We know that the ways to go from A to B in a $m×n$ rectangle is $\frac{(m+n)!}{m!n!}$.
then find ways to go from $A$ to $B$ just by using this formula.(shortest way)
My Attempt:I calculated the $4*4$ square ways there are 70 ways now we should reduce the ways that should'nt calculated.Can you help me please??
I don't think it pays to set up complicated combinatorial processes to solve this. Doing it by hand I found $N=26$ in less than a minute.
Write a $1$ next to $A$. Now successively find the numbers for the other vertices according to the following rule: The number at $x$ is the sum of the numbers at the vertex immediately to the left of $x$ (if there is such a vertex) and at the vertex immediately below $x$ (if there is such a vertex).
Four edges are missing, so we have four restrictions for the path not to use one of them, and we want to count the paths that violate no restriction. There are $\binom{4+4}4=70$ ways to violate $0$ particular restrictions.
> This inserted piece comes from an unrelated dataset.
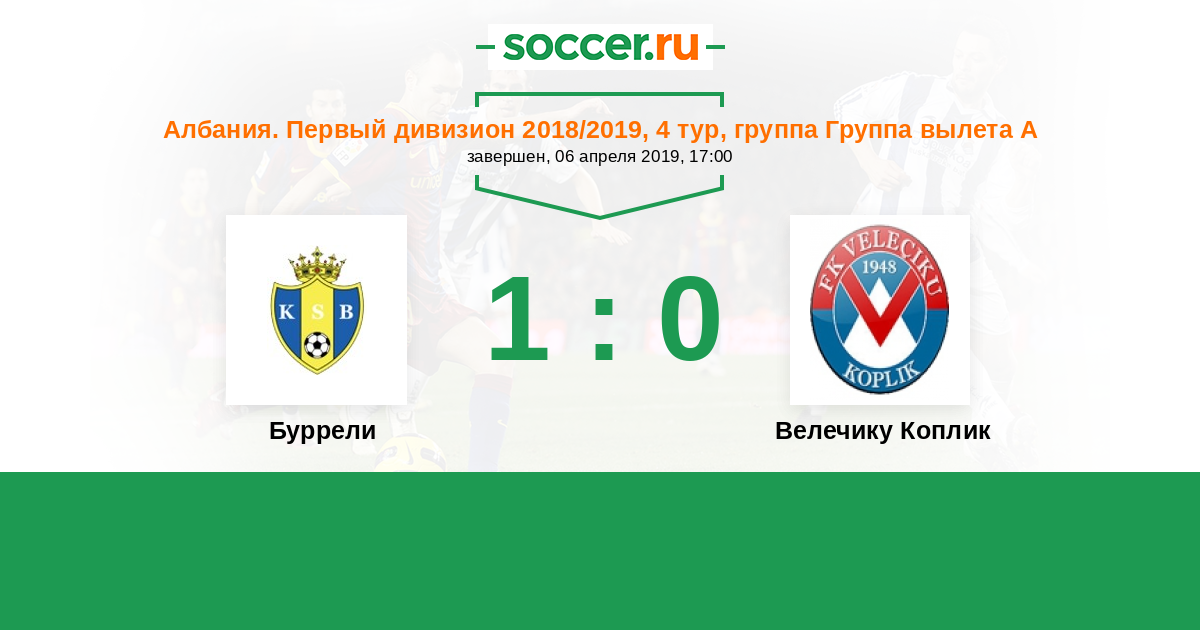 Албания. Первый дивизион 06.04.2019 Буррели Логотип футбольный клуб Буррели 1:0 Логотип футбольный клуб Велечику Коплик Велечику Коплик

There are $\binom{3+2}2+\binom{3+2}2+\binom{3+3}3+\binom{2+1}1\binom{2+2}2=10+10+20+18=58$ ways to violate $1$ particular restriction. Of the six pairs of restrictions, two can't be violated simultaneously, and the remaining four can be violated in $\binom{1+1}1+\binom{2+1}1+\binom{2+1}1+\binom{2+1}1\binom{1+1}1=14$ ways. There's no way to use three or four of the edges in one path, so that's it, and by inclusion-exclusion there are $70-58+14=26$ paths that use none of the missing edges.
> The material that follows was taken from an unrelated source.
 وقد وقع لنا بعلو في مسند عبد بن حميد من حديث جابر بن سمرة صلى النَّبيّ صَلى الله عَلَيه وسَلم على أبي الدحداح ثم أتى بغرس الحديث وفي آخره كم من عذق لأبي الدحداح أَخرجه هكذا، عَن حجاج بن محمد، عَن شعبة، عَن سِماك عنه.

You can decompose your rectangle. I note the point with coordinates, $A=(0,0)$ and $B=(4,4)$, first coordinate is horizontal. I note $N(x_1,..,x_n,\neg y_1, .., \neg y_m)$ the number of paths that go through all the $x_i$ but don't go through the $y_i$.
Since any shortest path going through $(2,0)$ or $(2,1)$ will go through $(3,1)$ or $(4,1)$, we have
$N=N((4,1)) + N((3,1),\neg (4,1)) + N(\neg (2,0),\neg (2,1))$
$N((4,1))=\frac{5!}{4!1!}=5$ according to your formula, since once we are in $(4,1)$, there is only one way to go to $B$
Since $(3,2)$ is the only one node after $(3,1)$ that is not $(4,1)$, and there are only two distinct path from $(3,2)$, we have
$N((3,1),\neg (3,1)) = N((3,2),\neg (2,2)) = N((3,2),(3,4))+N((3,2),(4,2))=2 \times \frac{4!}{3!1!}=8$.
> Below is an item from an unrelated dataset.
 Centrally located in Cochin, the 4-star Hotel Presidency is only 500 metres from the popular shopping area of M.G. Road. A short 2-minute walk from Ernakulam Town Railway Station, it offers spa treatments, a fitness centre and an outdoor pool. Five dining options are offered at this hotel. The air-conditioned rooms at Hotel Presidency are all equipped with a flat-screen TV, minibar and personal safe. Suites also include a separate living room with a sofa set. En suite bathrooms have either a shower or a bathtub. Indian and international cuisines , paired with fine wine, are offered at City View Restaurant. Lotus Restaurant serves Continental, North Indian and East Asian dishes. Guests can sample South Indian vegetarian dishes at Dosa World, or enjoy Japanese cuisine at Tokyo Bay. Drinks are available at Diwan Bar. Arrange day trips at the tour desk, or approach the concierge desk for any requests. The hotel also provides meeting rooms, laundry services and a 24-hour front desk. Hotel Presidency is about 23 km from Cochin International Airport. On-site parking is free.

Now, note that $N(\neg (2,0), \neg (2,1)) = N((1,1),\neg (2,1)) + N((0,2))$...
I'm a rather lazy guy, so I won't finish this, it is quit exhaustive.
I think, (by calculating the rest mentally) it is $N=25$, but you need to do the complete thing in order to be sure.
Rq : I think you can do a similar reasoning with edges instead of point, it may be faster.